I don't think either of jacoco or cobertura is capable of reporting code coverage across modules. You may want to try instrumenting the compiled classes before running the test coverage report rather than relying on on-the-fly instrumentation.
See this jacoco maven goal to perform the offline instrumentation.

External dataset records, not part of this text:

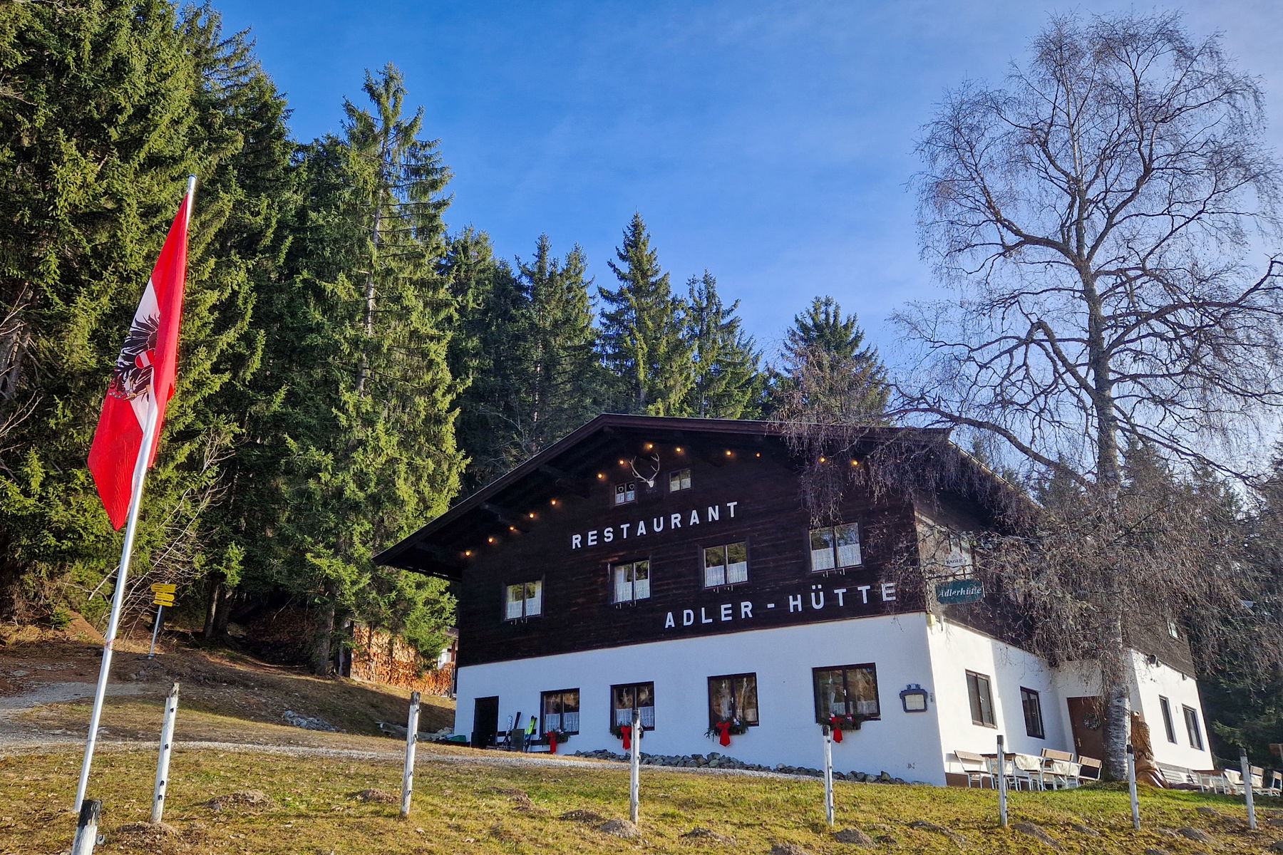 In der Adlerhütte ist eine Einkehr sehr empfehlenswert. Das sehr nette Hüttenteam bietet als Spezialität Forellen aus eigener Zucht in verschiedener Zubereitung. Auch für andere Geschmäcker gibt es eine schöne Auswahl zu moderaten Preisen, für Kitzbühel eher günstig.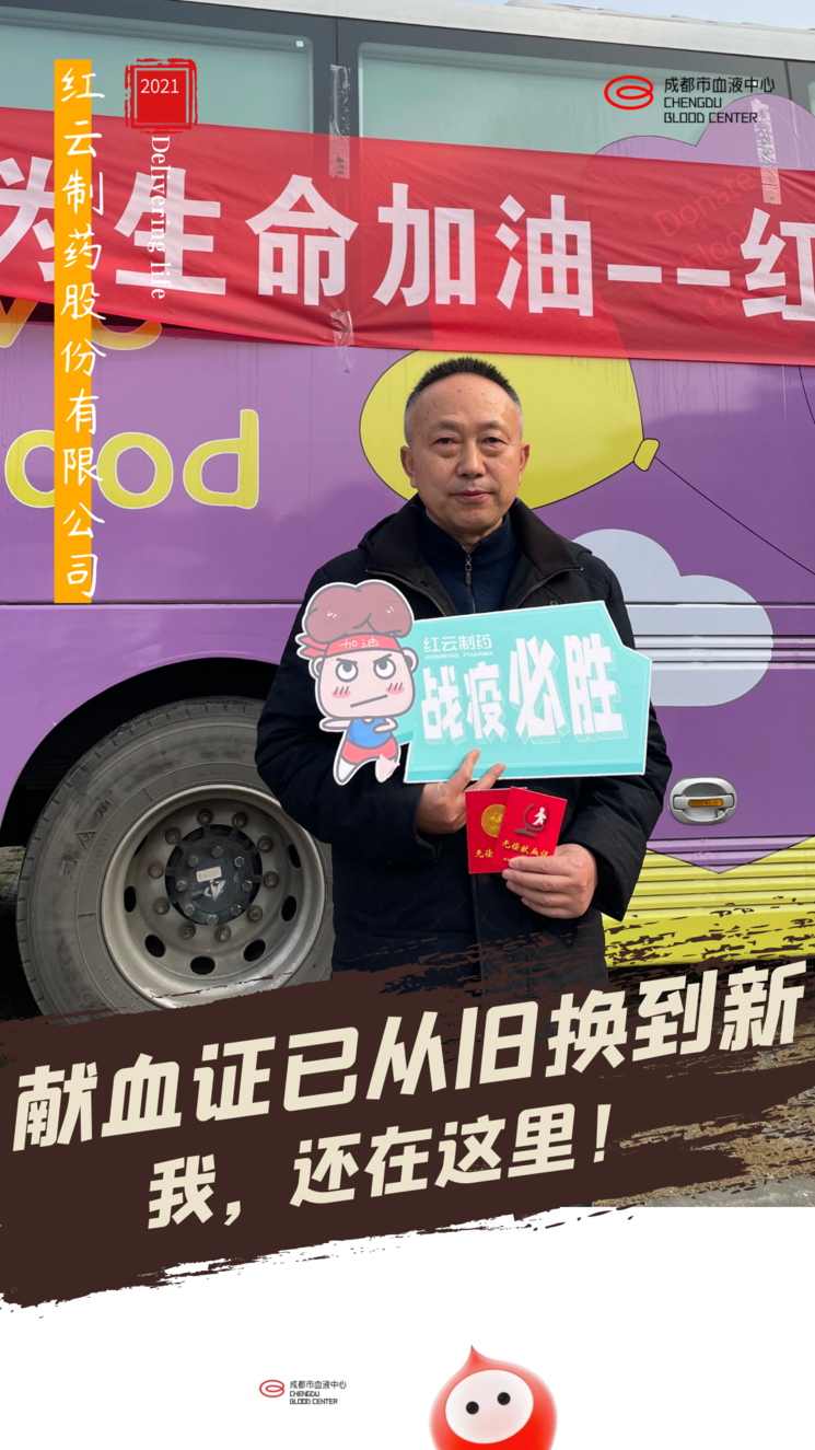红云制药股份有限公司共有36人捐献爱心血液9900毫升。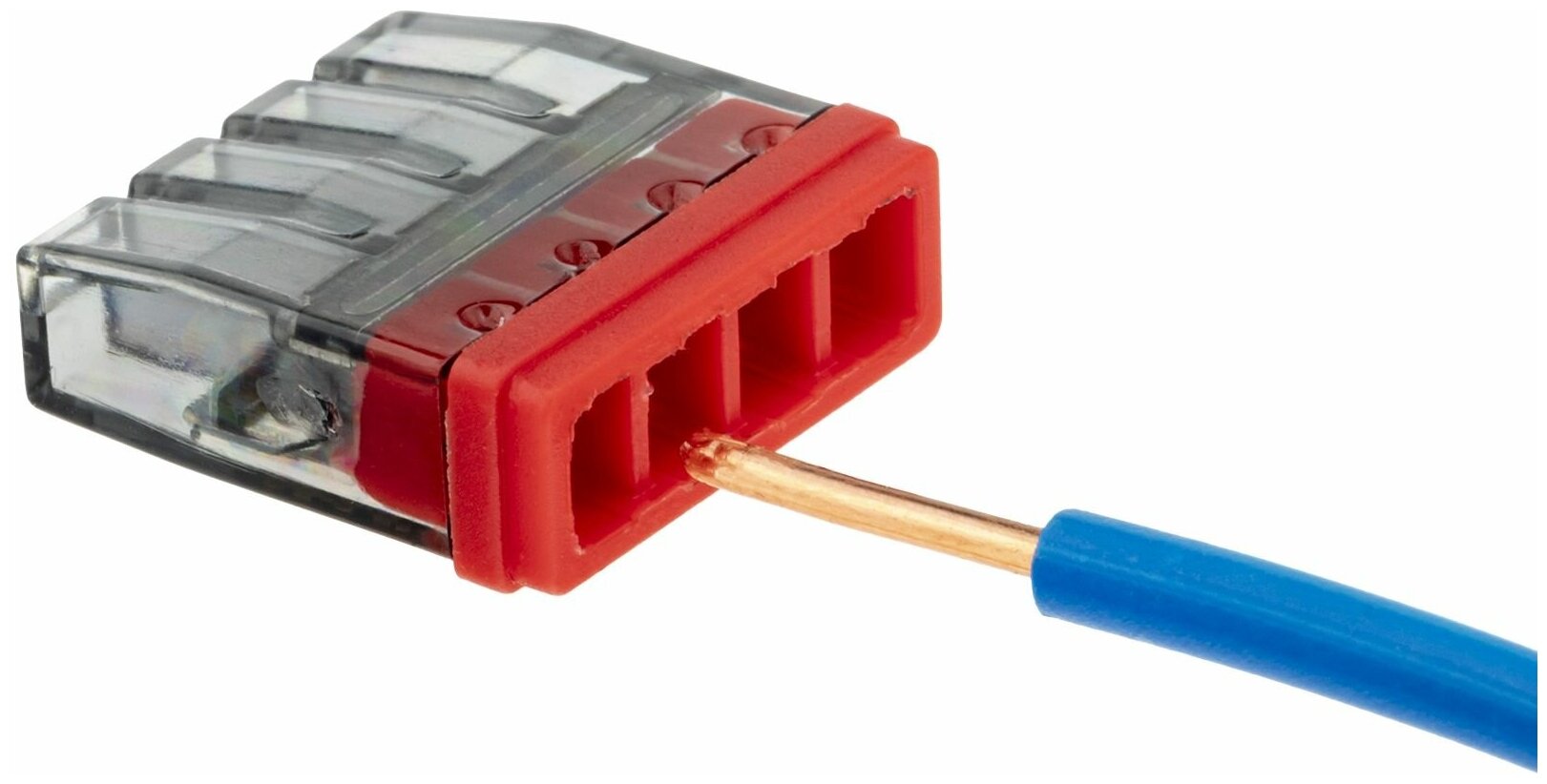 Рассчитана на 4 контакта, применяется при необходимости соединить многожильные проводники из меди, а также из сплавов меди и алюминия. Колодка соединительной клеммы выполнена из негорючего и изолирующего пластикового корпуса, а контакты - из меди с пастой.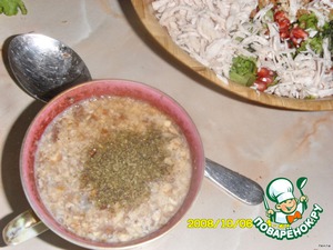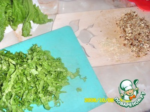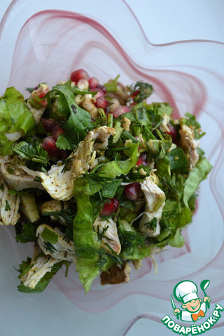 Бульн от курицы налить в чашку, всыпать орехи и добавить уксус, после облить салат.

Since Jacoco version: 0.7.7, you can use report-aggregate.
Root pom.xml :
<project>
[...]
<build>
<plugins>
<!-- refer:https://prismoskills.appspot.com/lessons/Maven/Chapter_06_-_Jacoco_report_aggregation.jsp -->
<plugin>
<groupId>org.jacoco</groupId>
<artifactId>jacoco-maven-plugin</artifactId>
<version>0.8.6</version>
<executions>
<execution>
<id>prepare-agent</id>
<goals>
<goal>prepare-agent</goal>
</goals>
</execution>
<execution>
<id>report</id>
<phase>test</phase>
<goals>
<goal>report</goal>
<goal>report-aggregate</goal>
</goals>
</execution>
</executions>
</plugin>
<plugins>
</build>
[...]
<pluginManagement>
<plugins>
<!-- unit test plugin -->
<plugin>
<groupId>org.apache.maven.plugins</groupId>
<artifactId>maven-surefire-plugin</artifactId>
<version>3.0.0-M5</version>
<dependencies>
<dependency>
<groupId>org.apache.maven.surefire</groupId>
<artifactId>surefire-junit47</artifactId>
<version>3.0.0-M5</version>
</dependency>
</dependencies>
<configuration>
<argLine>${argLine} -Dfile.encoding=UTF-8</argLine>
</configuration>
</plugin>
</plugins>
</pluginManagement>
[...]
</project>
Sub-modules pom.xml:
<project>
[...]
<plugins>
<plugin>
<groupId>org.apache.maven.plugins</groupId>
<artifactId>maven-surefire-plugin</artifactId>
<configuration>
<includes>
<include>[path]</include>
</includes>
</configuration>
</plugin>
</plugins>
[...]
</project>
If you use Jenkin, you can just use jacoco plugin and <goal>report</goal> without other new things.